*** Data for this exercise Section Begins ***

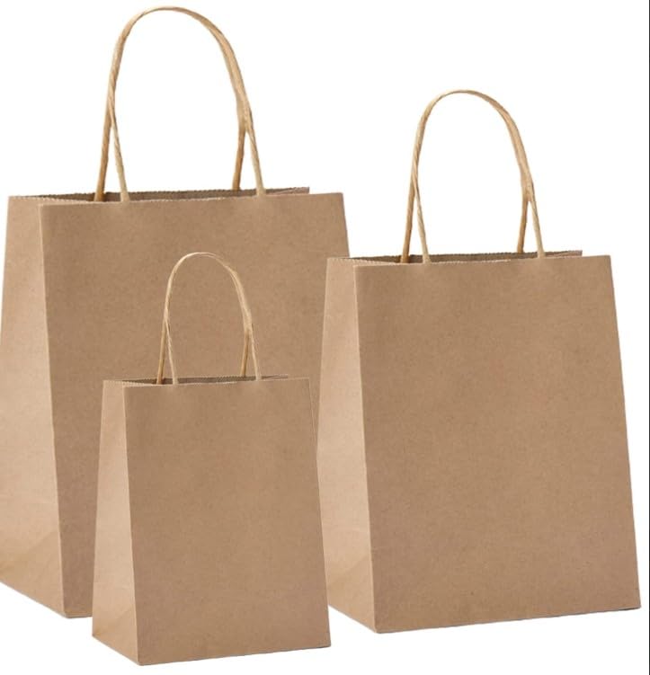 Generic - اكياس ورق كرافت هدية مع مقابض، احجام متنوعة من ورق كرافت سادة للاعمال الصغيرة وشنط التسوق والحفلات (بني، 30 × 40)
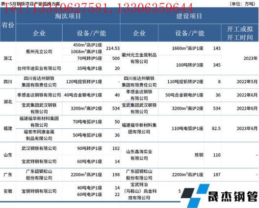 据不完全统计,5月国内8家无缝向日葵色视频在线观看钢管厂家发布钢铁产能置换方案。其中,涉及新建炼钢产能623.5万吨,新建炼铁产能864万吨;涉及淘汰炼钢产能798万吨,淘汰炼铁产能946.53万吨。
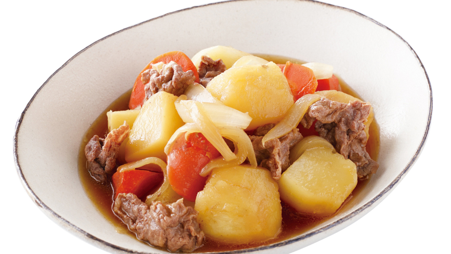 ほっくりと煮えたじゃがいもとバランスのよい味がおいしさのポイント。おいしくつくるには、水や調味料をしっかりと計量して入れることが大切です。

*** Data for this exercise Section Ends ***
*** Data for this exercise Section Begins ***

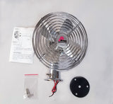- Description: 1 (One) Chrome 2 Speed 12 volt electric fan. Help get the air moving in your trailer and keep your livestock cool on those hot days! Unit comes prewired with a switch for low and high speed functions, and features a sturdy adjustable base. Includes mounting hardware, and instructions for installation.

*** Data for this exercise Section Ends ***
*** Data for this exercise Section Begins ***

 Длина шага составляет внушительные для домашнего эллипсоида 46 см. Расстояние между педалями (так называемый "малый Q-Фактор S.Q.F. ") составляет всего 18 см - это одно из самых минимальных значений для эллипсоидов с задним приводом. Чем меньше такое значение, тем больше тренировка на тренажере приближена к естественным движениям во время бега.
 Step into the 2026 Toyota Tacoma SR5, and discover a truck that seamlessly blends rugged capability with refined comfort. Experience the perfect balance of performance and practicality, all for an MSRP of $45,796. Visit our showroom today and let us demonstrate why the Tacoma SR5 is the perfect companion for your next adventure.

*** Data for this exercise Section Ends ***

_Your assignment_
Leave the pictures out. Output, exactly, the lines of the material above starting at the line containing "据不完全统计,5月国内8家无" and ending at the line containing "ほっくりと煮えたじゃがいもと".

_Task answer_
 据不完全统计,5月国内8家无缝向日葵色视频在线观看钢管厂家发布钢铁产能置换方案。其中,涉及新建炼钢产能623.5万吨,新建炼铁产能864万吨;涉及淘汰炼钢产能798万吨,淘汰炼铁产能946.53万吨。
 ほっくりと煮えたじゃがいもとバランスのよい味がおいしさのポイント。おいしくつくるには、水や調味料をしっかりと計量して入れることが大切です。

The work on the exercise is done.